Soon will be listed here.

Abstract

Expression of the tyrosine-kinase receptor encoded by the c-KIT proto-oncogene progressively decreases during local tumor growth and invasion of human melanomas. To provide direct evidence that c-KIT plays a role in metastasis of human melanoma, we transfected the c-KIT gene into the c-KIT negative highly metastatic human melanoma cell line A375SM and subsequently analysed its tumorigenic and metastatic potential. A375SM parental cells, A375SM-NOT (neo, control), and A375SM-KIT-positive cells were injected s.c. and i.v. into nude mice. A375SM-KIT cells produced significantly slower growing s.c. tumors and fewer lung metastases than control cells. Exposure of c-KIT-positive melanoma cells in vitro and in vivo to stem cell factor (SCF), the ligand for c-KIT, triggered apoptosis of these cells but not of c-KIT-negative melanoma cells or normal melanocytes.
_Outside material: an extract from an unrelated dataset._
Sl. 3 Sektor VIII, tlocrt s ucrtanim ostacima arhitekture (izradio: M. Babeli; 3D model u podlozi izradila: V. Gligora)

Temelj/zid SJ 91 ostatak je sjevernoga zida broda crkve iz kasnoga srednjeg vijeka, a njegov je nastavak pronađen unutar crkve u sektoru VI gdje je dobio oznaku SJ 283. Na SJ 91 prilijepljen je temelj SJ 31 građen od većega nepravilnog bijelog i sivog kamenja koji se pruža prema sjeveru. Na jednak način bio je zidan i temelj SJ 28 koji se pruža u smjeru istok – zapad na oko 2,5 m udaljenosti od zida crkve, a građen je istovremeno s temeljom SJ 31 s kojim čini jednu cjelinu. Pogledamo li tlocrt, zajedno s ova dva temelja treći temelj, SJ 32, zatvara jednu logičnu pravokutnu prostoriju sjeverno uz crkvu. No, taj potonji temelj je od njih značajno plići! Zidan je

Since SCF is produced by keratinocytes and other dermal cells in the skin, these results suggest that the loss of c-KIT receptor expression may allow malignant melanoma cells to escape SCF/c-KIT-mediated apoptosis, hence contributing to tumor growth and eventually metastasis. The antitumor and antimetastatic properties of SCF may be useful in treating human melanomas in early stages.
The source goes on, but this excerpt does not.